NetflixがYouTubeの圧倒的なシェアに対抗するため、デジタルパブリッシャー大手6社とコンテンツライセンス契約を結んだことが報じられた。2026年8月3日より、米国や英国などの英語圏6市場で短尺動画シリーズの配信を開始する。この動きは、テレビ視聴時間においてNetflixを大きく引き離すYouTubeへの直接的な対抗策とみられている。

■YouTube追撃に向けたNetflixの新たな一手

Netflixは、デジタルパブリッシング界の超大手であるPenske Media、BuzzFeed Studios、Condé Nast、Hearst Magazines、People Inc.、Tastemadeの6社とコンテンツライセンス契約を締結した。
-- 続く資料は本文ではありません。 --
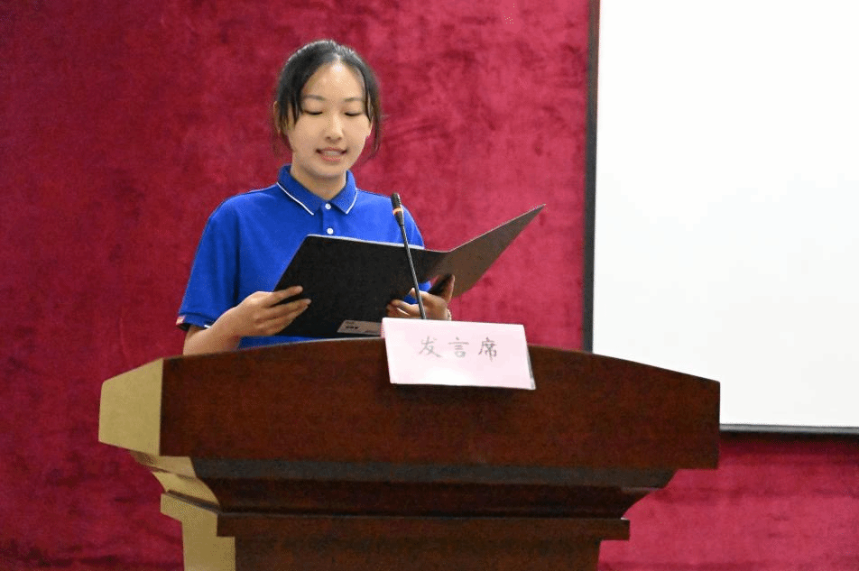 优秀在校生代表应管2301班应贺和新生代表信管2401班张文丽在会议上进行了发言。应贺分享了自己在大一学年学习专业课程、参与社会实践的经历,表达了利用课余时间广泛学习与专业知识相关的学科知识的重要性,鼓励同学们养成勤学深思的好习惯。张文丽倡议同学们脚踏实地、求实探索、积极创新,努力展现济大管科学子的青春风采。

2026年8月3日より、英語圏の6つの市場において、これらパブリッシャーが制作する短尺動画シリーズの配信を開始する。これは、テレビ画面におけるYouTubeの支配的な地位に対する、Netflixによるこれまでで最も直接的な挑戦となる。

米調査会社Nielsen(ニールセン)の2026年4月度データによると、米国のテレビ総視聴時間におけるシェアは、YouTubeが13.4%に達しているのに対し、Netflixは7.8%にとどまる。YouTubeが約1.7倍のリードを保っており、この差は過去2年間で着実に拡大している。Netflixにとって、もはや無視できない規模に達しているのが現状だ。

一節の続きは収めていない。